Task description:
An exact copy of the lines from the start of the material below through the line containing "Sessel Hera-K ist" is the required answer, and it includes no pictures.

═══ Collected data

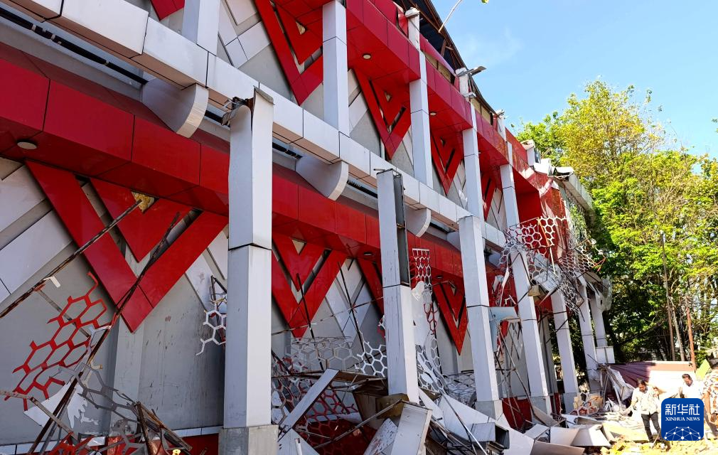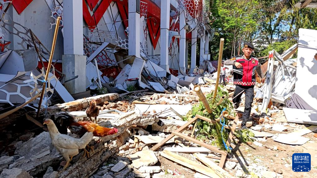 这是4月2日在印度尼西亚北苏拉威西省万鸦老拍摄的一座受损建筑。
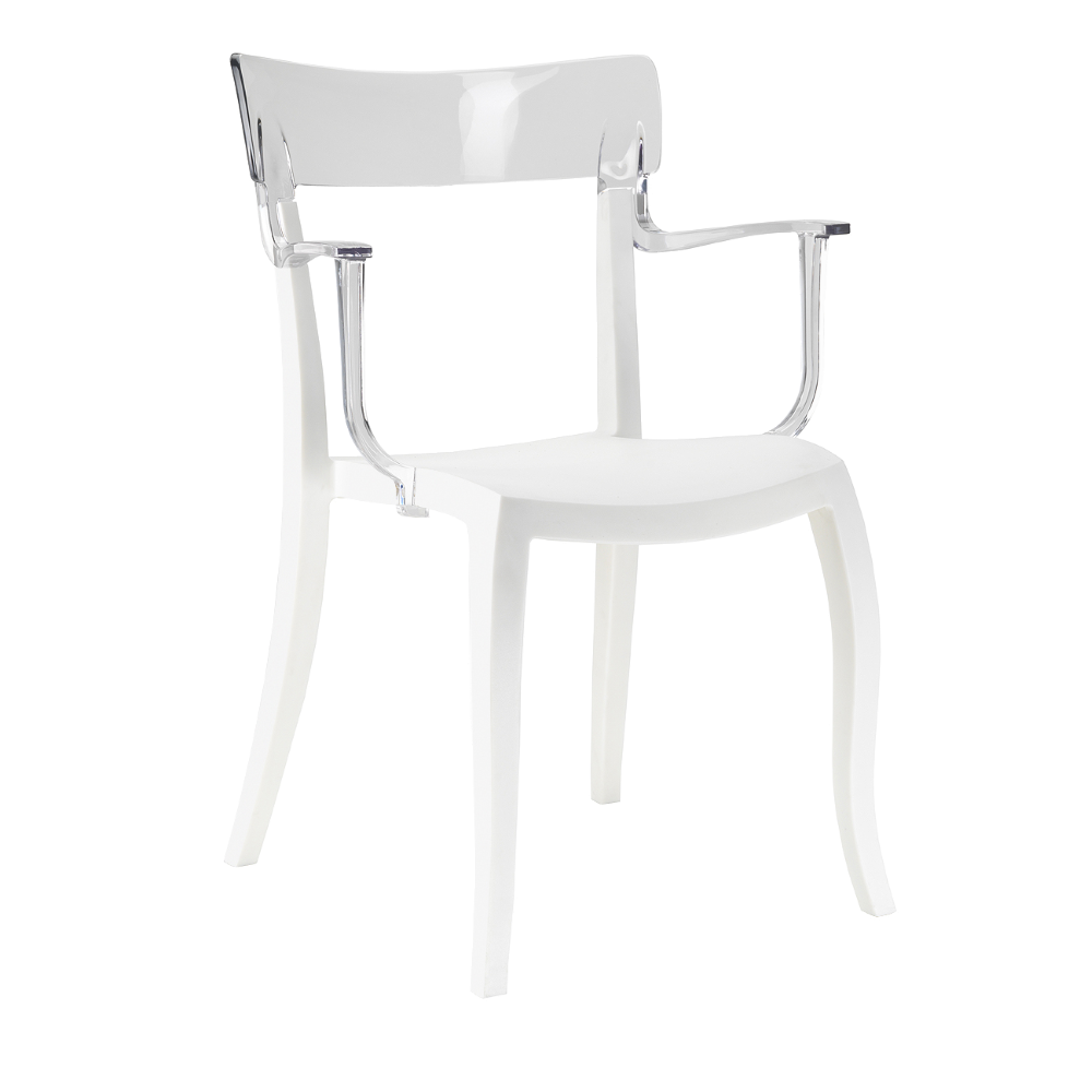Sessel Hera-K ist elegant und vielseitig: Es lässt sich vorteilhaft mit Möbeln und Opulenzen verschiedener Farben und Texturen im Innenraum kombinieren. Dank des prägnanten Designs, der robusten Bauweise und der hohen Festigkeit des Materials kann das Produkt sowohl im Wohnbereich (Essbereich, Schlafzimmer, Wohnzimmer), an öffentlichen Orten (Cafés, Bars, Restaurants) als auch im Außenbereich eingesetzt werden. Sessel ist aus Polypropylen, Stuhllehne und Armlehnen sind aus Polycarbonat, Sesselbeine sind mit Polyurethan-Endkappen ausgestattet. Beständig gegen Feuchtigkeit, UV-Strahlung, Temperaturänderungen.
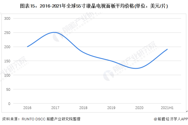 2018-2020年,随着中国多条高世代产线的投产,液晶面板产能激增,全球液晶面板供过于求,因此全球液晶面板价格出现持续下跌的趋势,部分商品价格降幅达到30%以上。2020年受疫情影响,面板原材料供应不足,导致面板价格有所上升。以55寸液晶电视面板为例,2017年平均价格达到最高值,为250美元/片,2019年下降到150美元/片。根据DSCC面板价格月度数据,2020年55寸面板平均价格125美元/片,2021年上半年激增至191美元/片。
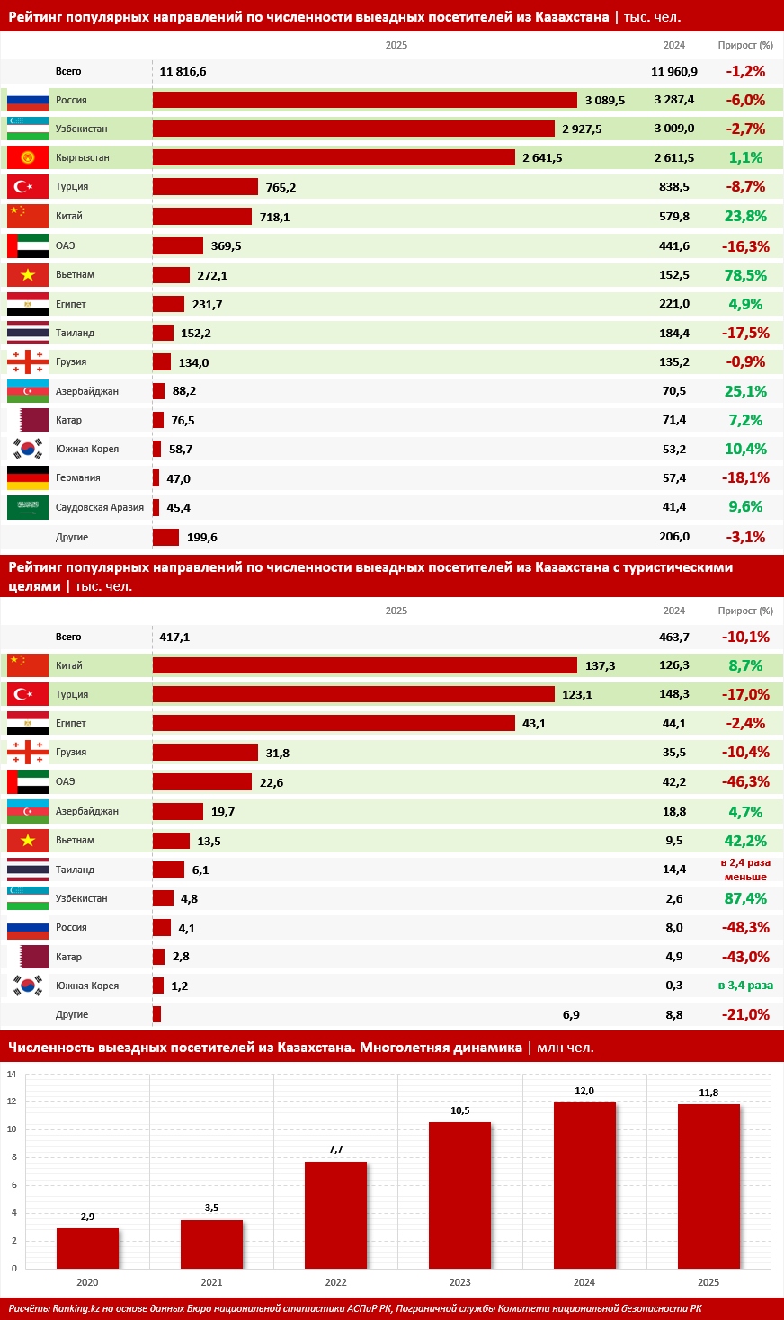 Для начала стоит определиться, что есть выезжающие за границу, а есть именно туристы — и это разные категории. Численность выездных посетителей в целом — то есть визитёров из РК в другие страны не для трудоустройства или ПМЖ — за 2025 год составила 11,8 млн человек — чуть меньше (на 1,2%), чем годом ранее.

══════

Answer for this exercise:
 这是4月2日在印度尼西亚北苏拉威西省万鸦老拍摄的一座受损建筑。
Sessel Hera-K ist elegant und vielseitig: Es lässt sich vorteilhaft mit Möbeln und Opulenzen verschiedener Farben und Texturen im Innenraum kombinieren. Dank des prägnanten Designs, der robusten Bauweise und der hohen Festigkeit des Materials kann das Produkt sowohl im Wohnbereich (Essbereich, Schlafzimmer, Wohnzimmer), an öffentlichen Orten (Cafés, Bars, Restaurants) als auch im Außenbereich eingesetzt werden. Sessel ist aus Polypropylen, Stuhllehne und Armlehnen sind aus Polycarbonat, Sesselbeine sind mit Polyurethan-Endkappen ausgestattet. Beständig gegen Feuchtigkeit, UV-Strahlung, Temperaturänderungen.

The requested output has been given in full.